[DATA TO EXAMINE]

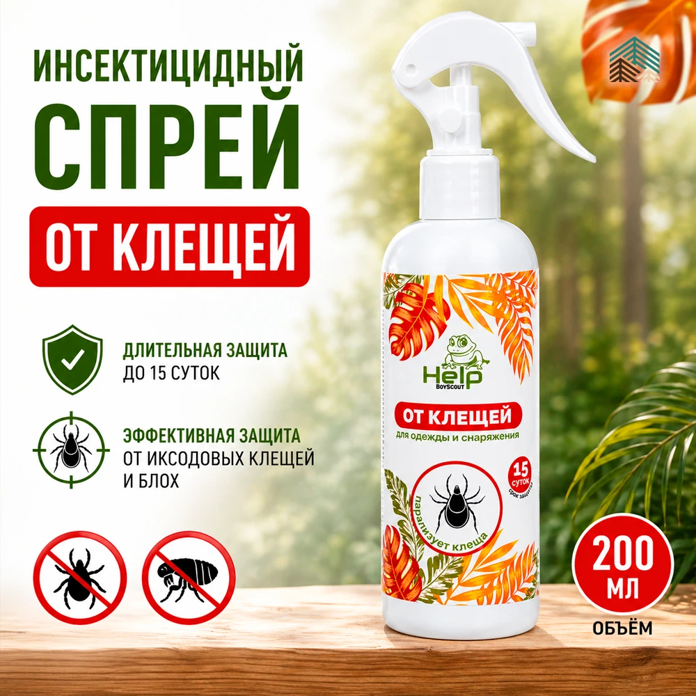 Спрей HELP — эффективное средство для защиты от иксодовых клещей и блох, которые могут быть переносчиками опасных заболеваний. Подходит для использования на открытом воздухе и обеспечивает надежную защиту во время отдыха на природе, прогулок и работы на участке.
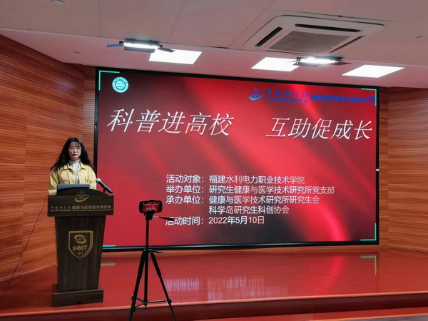 5月11日晚,由研究生健康与医学技术研究所党支部主办,健康与医学技术研究所研究生会、科学岛研究生科创协会以及福建水利电力职业技术学院共同协办的“科普进高校 互助促成长”主题活动如期举行。根据疫情防控要求,本次活动采用线上方式进行。
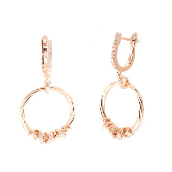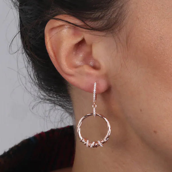 Orecchini in Argento 925 con cerchi pendenti impreziositi da intrecci di zirconi bianchi
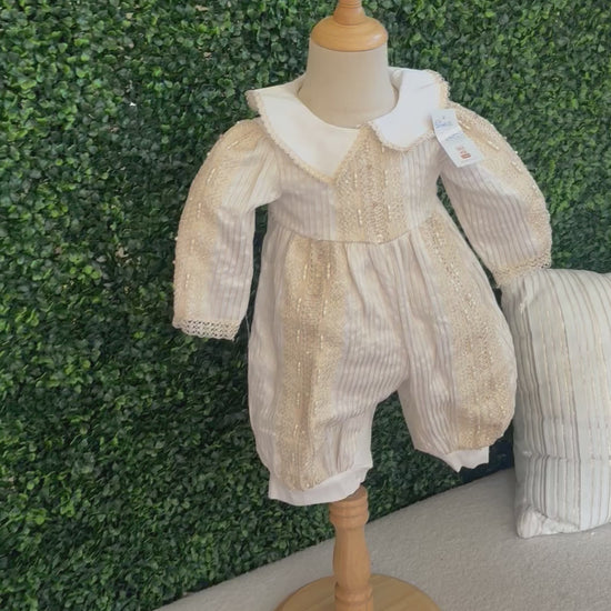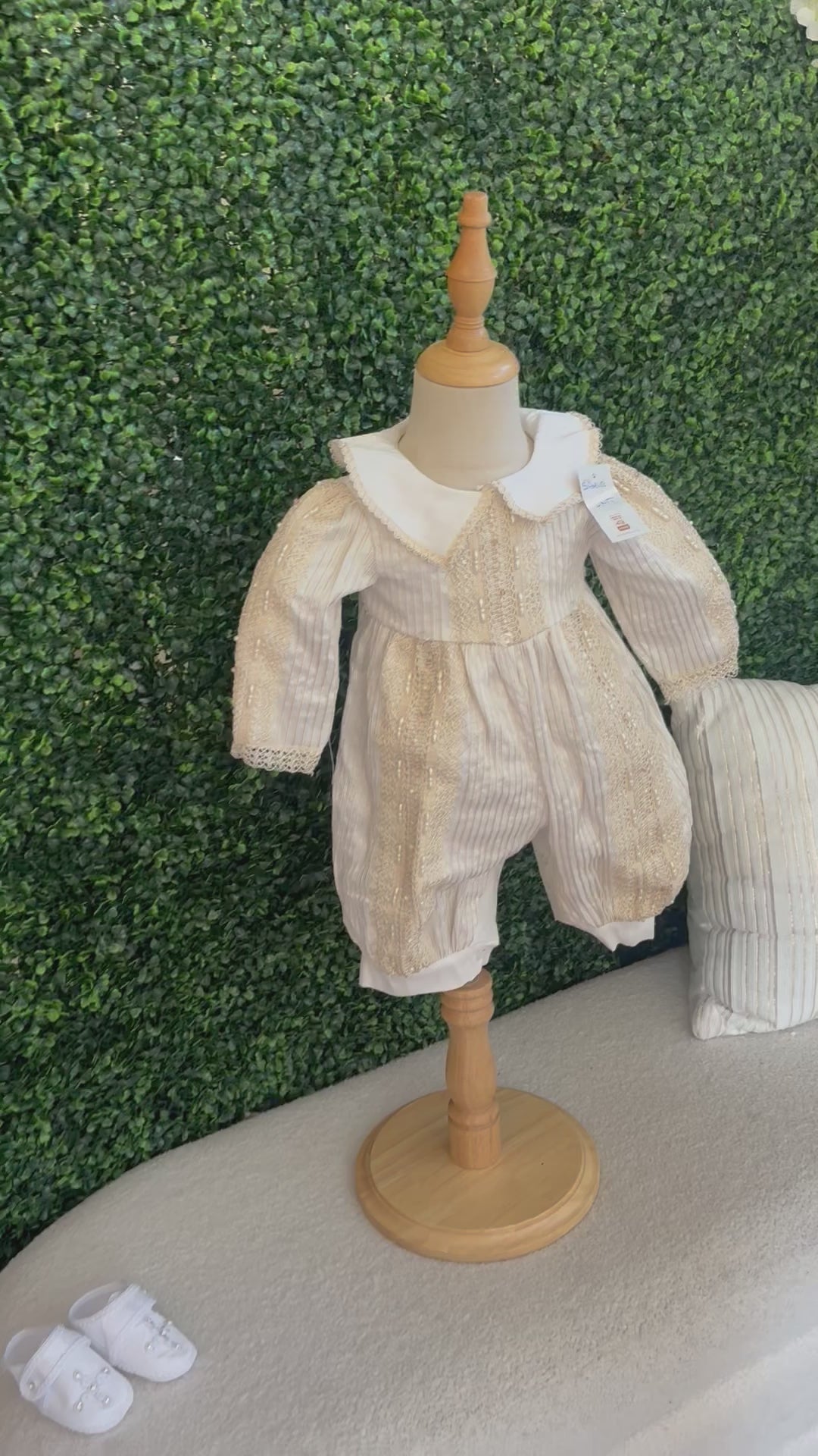 This classic 2-in-1 baptism style for boys is thoughtfully designed to combine tradition and comfort. The outer gown creates a timeless ceremonial look and can be easily removed to reveal a romper underneath, making it ideal for extended wear after the ceremony.
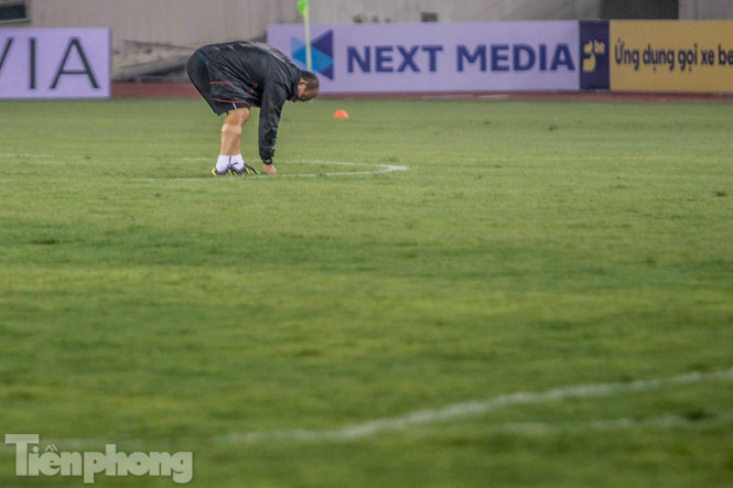 Ông thầy người Hàn Quốc tỏ ra rất kỹ lưỡng khi đi kiểm tra cỏ ở mọi điểm trên sân.
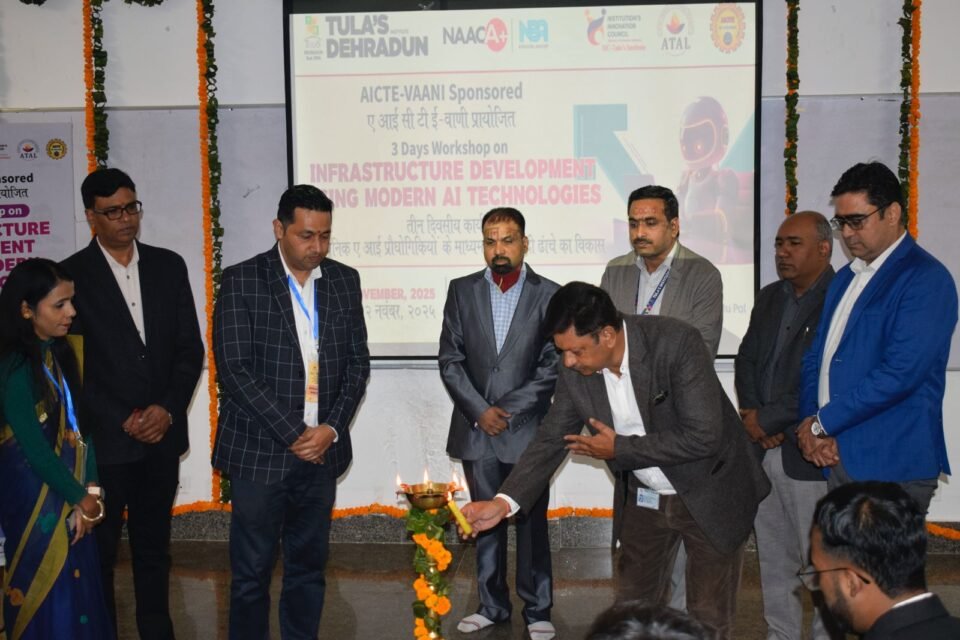 देहरादून: तुलाज़ इंस्टीट्यूट में ‘इंफ्रास्ट्रक्चर डेवलपमेंट थ्रू मॉडर्न ऐआई टेक्नोलॉजीज’ विषय पर ऐआईसीटीई – वानी द्वारा प्रायोजित तीन दिवसीय राष्ट्रीय कार्यशाला का शुभारम्भ आज कॉलेज परिसर में किया गया।
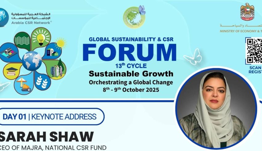 DUBAI: The Arabia CSR Network is honoured to announce Sarah Shaw, CEO of Majra – National CSR Fund, as a Keynote Speaker for Day One of the 13th Cycle of the Global Sustainability & CSR Forum, scheduled for October 8–9, 2025 at Dubai Chambers.
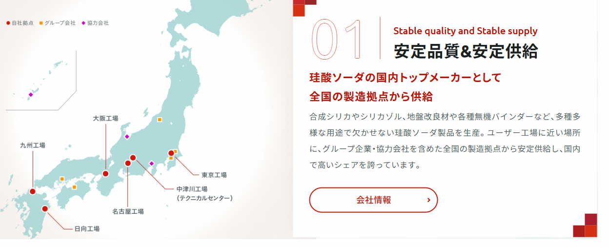 合成シリカやシリカゾル、地盤改良材や各種無機バインダーなど、多種多様な用途で欠かせない珪酸ソーダ製品を生産。ユーザー工場に近い場所に、グループ企業・協力会社を含めた全国の製造拠点から安定供給し、国内で高いシェアを誇っています。

[/DATA TO EXAMINE]

# REQUIRED WORK
Everything in the entries except the pictures should be returned exactly as given.

# TASK SOLUTION
 Спрей HELP — эффективное средство для защиты от иксодовых клещей и блох, которые могут быть переносчиками опасных заболеваний. Подходит для использования на открытом воздухе и обеспечивает надежную защиту во время отдыха на природе, прогулок и работы на участке.
 5月11日晚,由研究生健康与医学技术研究所党支部主办,健康与医学技术研究所研究生会、科学岛研究生科创协会以及福建水利电力职业技术学院共同协办的“科普进高校 互助促成长”主题活动如期举行。根据疫情防控要求,本次活动采用线上方式进行。
 Orecchini in Argento 925 con cerchi pendenti impreziositi da intrecci di zirconi bianchi
 This classic 2-in-1 baptism style for boys is thoughtfully designed to combine tradition and comfort. The outer gown creates a timeless ceremonial look and can be easily removed to reveal a romper underneath, making it ideal for extended wear after the ceremony.
 Ông thầy người Hàn Quốc tỏ ra rất kỹ lưỡng khi đi kiểm tra cỏ ở mọi điểm trên sân.
 देहरादून: तुलाज़ इंस्टीट्यूट में ‘इंफ्रास्ट्रक्चर डेवलपमेंट थ्रू मॉडर्न ऐआई टेक्नोलॉजीज’ विषय पर ऐआईसीटीई – वानी द्वारा प्रायोजित तीन दिवसीय राष्ट्रीय कार्यशाला का शुभारम्भ आज कॉलेज परिसर में किया गया।
 DUBAI: The Arabia CSR Network is honoured to announce Sarah Shaw, CEO of Majra – National CSR Fund, as a Keynote Speaker for Day One of the 13th Cycle of the Global Sustainability & CSR Forum, scheduled for October 8–9, 2025 at Dubai Chambers.
 合成シリカやシリカゾル、地盤改良材や各種無機バインダーなど、多種多様な用途で欠かせない珪酸ソーダ製品を生産。ユーザー工場に近い場所に、グループ企業・協力会社を含めた全国の製造拠点から安定供給し、国内で高いシェアを誇っています。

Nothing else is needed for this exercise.